__PROBLEM DESCRIPTION__
Please return the full listing exactly as written, with the images removed.

+ + + +

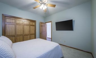 This guest home was custom built in 2006 by the founder and developer of Diamond Bluff. A gated private paved driveway takes you far away from other homes, but close to all of the amenities! Not to mention, the view is so breathtaking that the founder of Diamond Bluff chose THIS LOT to make his home and guest home! From the inside of the house to the outdoor deck, the views are stunning, to say the least! This 1050 sq ft guest home includes 2 bedrooms and one full bath, full kitchen, living room with sleeper sofa, wrap around deck, and a breathtaking view! Sleeps 6.
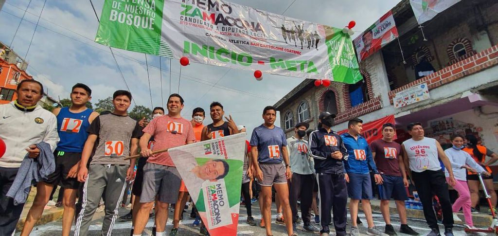 Huixquilucan, Méx.- Con el objetivo claro de triunfar, para construir el cambio y mejorar la calidad de vida de la gente, cientos de personas de distintas partes del municipio participaron en la Gran Carrera Atlética de San Bartolomé Coatepec, convocada por el candidato a diputado por el Distrito Local 17, Memo Zamacona, a quien la comunidad deportiva le refrendó su apoyo para garantizar que gane la elección el 6 de junio.
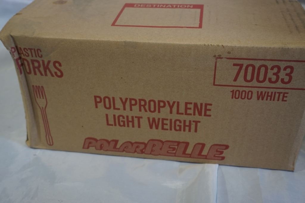 2 BOXES OF 1000 NEW 5  LIGHT DUTY PLASTIC FORKS
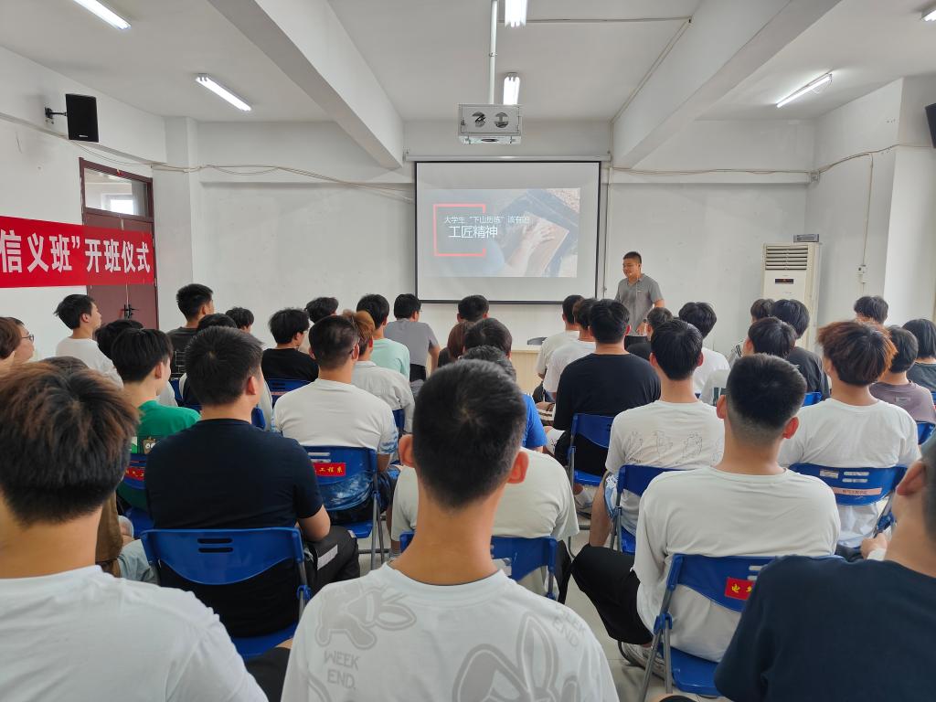辛建国用朴实、生动的语言,从“工匠精神的内涵”“工匠精神的意义”“个人如何践行工匠精神”三个方面,以信义公司玻璃制造设施设备运行及养护日常管理的精细化、精准化成果为切入点,为大家阐释了干一行、爱一行、专一行、精一行,务实肯干、坚持不懈、精雕细琢的敬业精神。辛建国精选自己入职信义10年来在工作岗位上的生动详实事迹与工作案例和同学们进一步分享了如何践行工匠精神。他说工匠精神就是踏实做好技术工作,将手中的任务做到极致;衷心热爱一份工作,守初心,践使命;保持不断地学习,不断挑战自己,站在行业的最前端。他号召在座的同学们要专注、坚持、精益求精地做好一件事,要坚定信念,做知行合一的实践者。
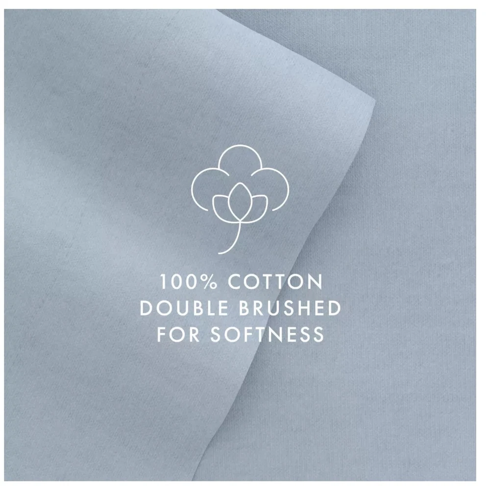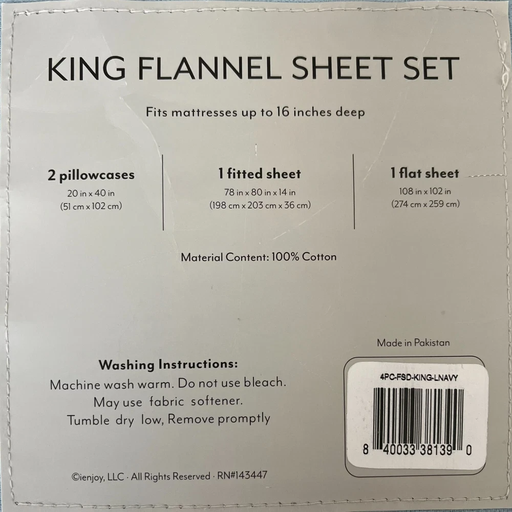 100% Cotton Flannel 4PC Sheet Set Super Soft, Easy Care, Solid Color - Becky Cameron Size King Highlights Made from 100 percent cotton. Set includes one fitted sheet, one flat sheet, and two pillowcases (Twin set includes one pillowcase) 14 in. deep pocket fitted sheets, fits most up to 16-in. deep Easy Care: Machine wash cold, tumble dry low, fade resistant, wrinkle resistant, no ironing necessary; do not bleach, or use fabric softener Superior weave for durability and a breathable soft touch Description Treat yourself to a comfy new set of sheets with this flannel multi-piece sheet set. Made from 100 percent cotton, each piece is double brushed for an ultra soft and cozy feel, making it the perfect new addition to your room! Available in a variety of complimentary colors and patterns.
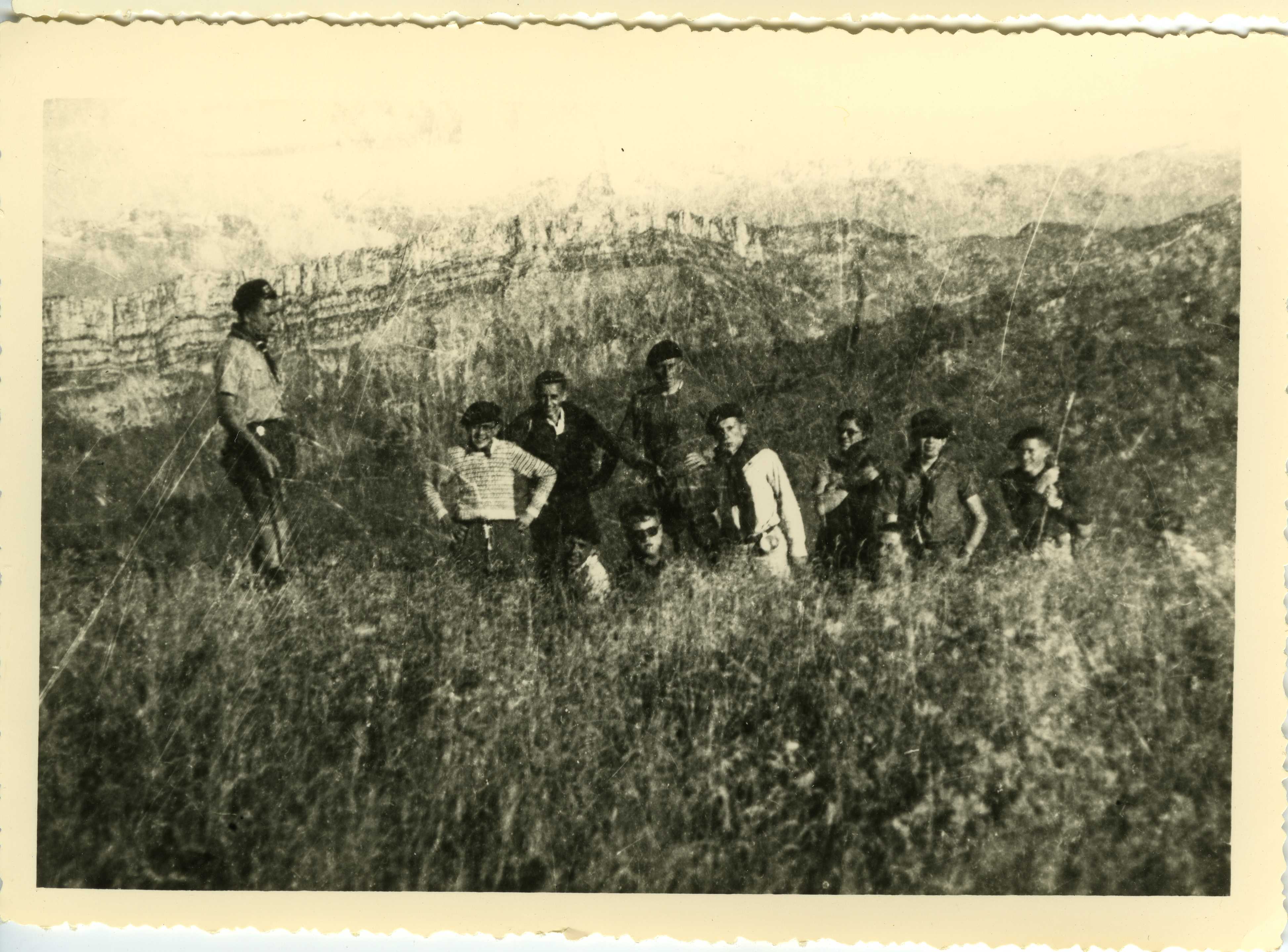 Groupe de jeunes posant dans un paysage rural ou montagneux.
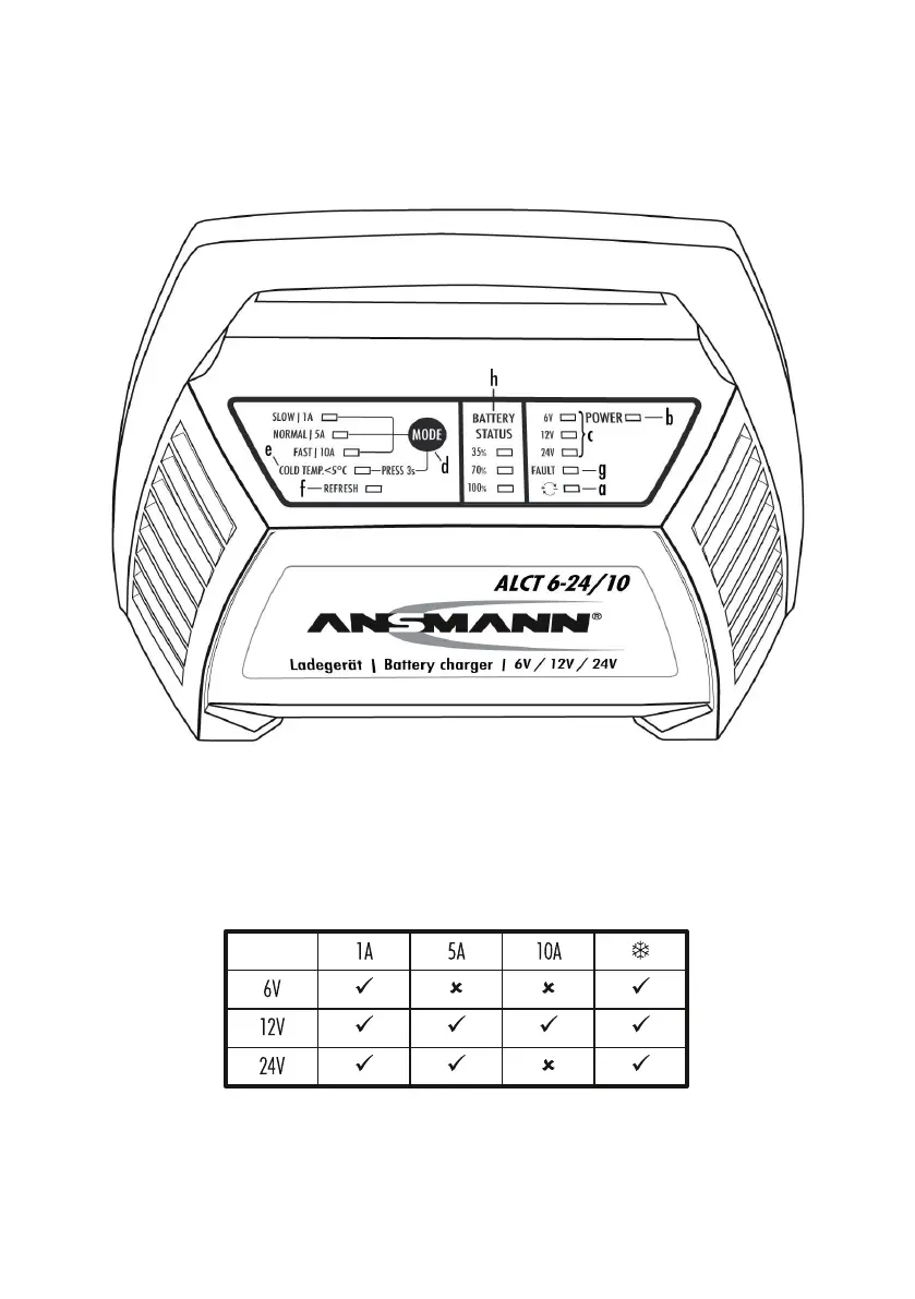 Olvassa el alább 📖 a magyar nyelvű használati útmutatót Ansmann ALCT6-24/10 (66 oldal) a Akkumulátor töltő kategóriában. Ezt az útmutatót 11 ember találta hasznosnak és 6 felhasználó értékelte átlagosan 4.7 csillagra
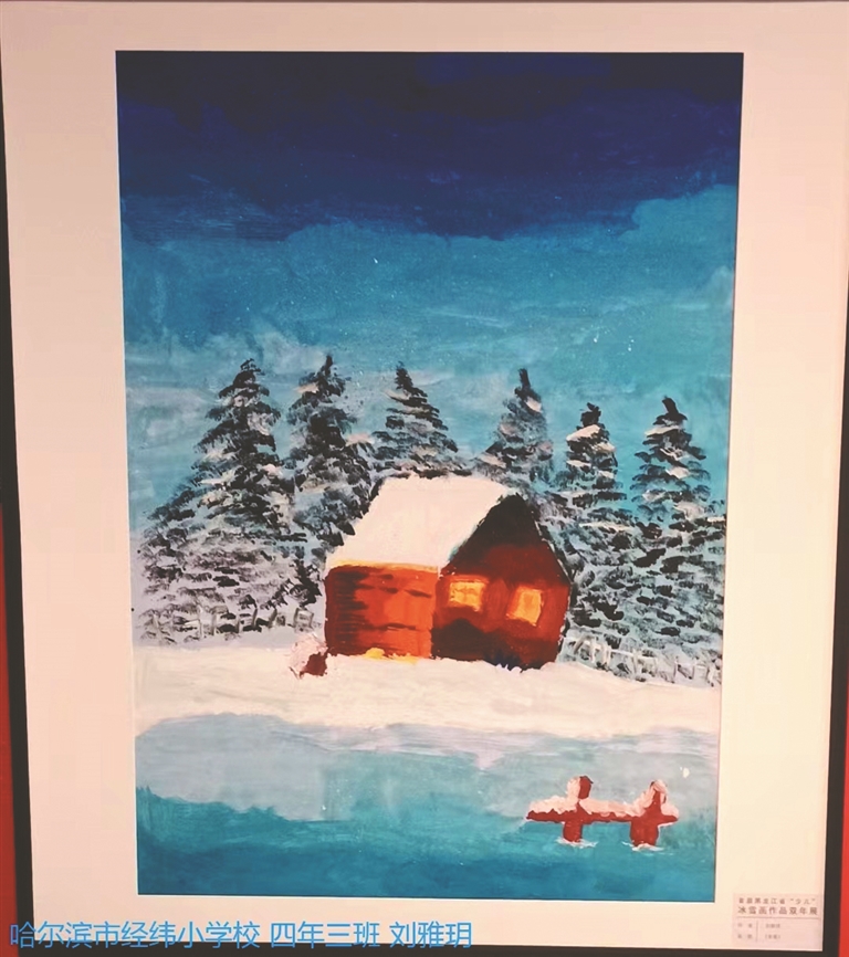 这是我的一幅水粉画《冬日》,这幅画入选首届黑龙江省少儿冰雪画作品双年展,在黑龙江省美术馆展出。

+ + + +

__RESPONSE__
 This guest home was custom built in 2006 by the founder and developer of Diamond Bluff. A gated private paved driveway takes you far away from other homes, but close to all of the amenities! Not to mention, the view is so breathtaking that the founder of Diamond Bluff chose THIS LOT to make his home and guest home! From the inside of the house to the outdoor deck, the views are stunning, to say the least! This 1050 sq ft guest home includes 2 bedrooms and one full bath, full kitchen, living room with sleeper sofa, wrap around deck, and a breathtaking view! Sleeps 6.
 Huixquilucan, Méx.- Con el objetivo claro de triunfar, para construir el cambio y mejorar la calidad de vida de la gente, cientos de personas de distintas partes del municipio participaron en la Gran Carrera Atlética de San Bartolomé Coatepec, convocada por el candidato a diputado por el Distrito Local 17, Memo Zamacona, a quien la comunidad deportiva le refrendó su apoyo para garantizar que gane la elección el 6 de junio.
 2 BOXES OF 1000 NEW 5  LIGHT DUTY PLASTIC FORKS
辛建国用朴实、生动的语言,从“工匠精神的内涵”“工匠精神的意义”“个人如何践行工匠精神”三个方面,以信义公司玻璃制造设施设备运行及养护日常管理的精细化、精准化成果为切入点,为大家阐释了干一行、爱一行、专一行、精一行,务实肯干、坚持不懈、精雕细琢的敬业精神。辛建国精选自己入职信义10年来在工作岗位上的生动详实事迹与工作案例和同学们进一步分享了如何践行工匠精神。他说工匠精神就是踏实做好技术工作,将手中的任务做到极致;衷心热爱一份工作,守初心,践使命;保持不断地学习,不断挑战自己,站在行业的最前端。他号召在座的同学们要专注、坚持、精益求精地做好一件事,要坚定信念,做知行合一的实践者。
 100% Cotton Flannel 4PC Sheet Set Super Soft, Easy Care, Solid Color - Becky Cameron Size King Highlights Made from 100 percent cotton. Set includes one fitted sheet, one flat sheet, and two pillowcases (Twin set includes one pillowcase) 14 in. deep pocket fitted sheets, fits most up to 16-in. deep Easy Care: Machine wash cold, tumble dry low, fade resistant, wrinkle resistant, no ironing necessary; do not bleach, or use fabric softener Superior weave for durability and a breathable soft touch Description Treat yourself to a comfy new set of sheets with this flannel multi-piece sheet set. Made from 100 percent cotton, each piece is double brushed for an ultra soft and cozy feel, making it the perfect new addition to your room! Available in a variety of complimentary colors and patterns.
 Groupe de jeunes posant dans un paysage rural ou montagneux.
 Olvassa el alább 📖 a magyar nyelvű használati útmutatót Ansmann ALCT6-24/10 (66 oldal) a Akkumulátor töltő kategóriában. Ezt az útmutatót 11 ember találta hasznosnak és 6 felhasználó értékelte átlagosan 4.7 csillagra
 这是我的一幅水粉画《冬日》,这幅画入选首届黑龙江省少儿冰雪画作品双年展,在黑龙江省美术馆展出。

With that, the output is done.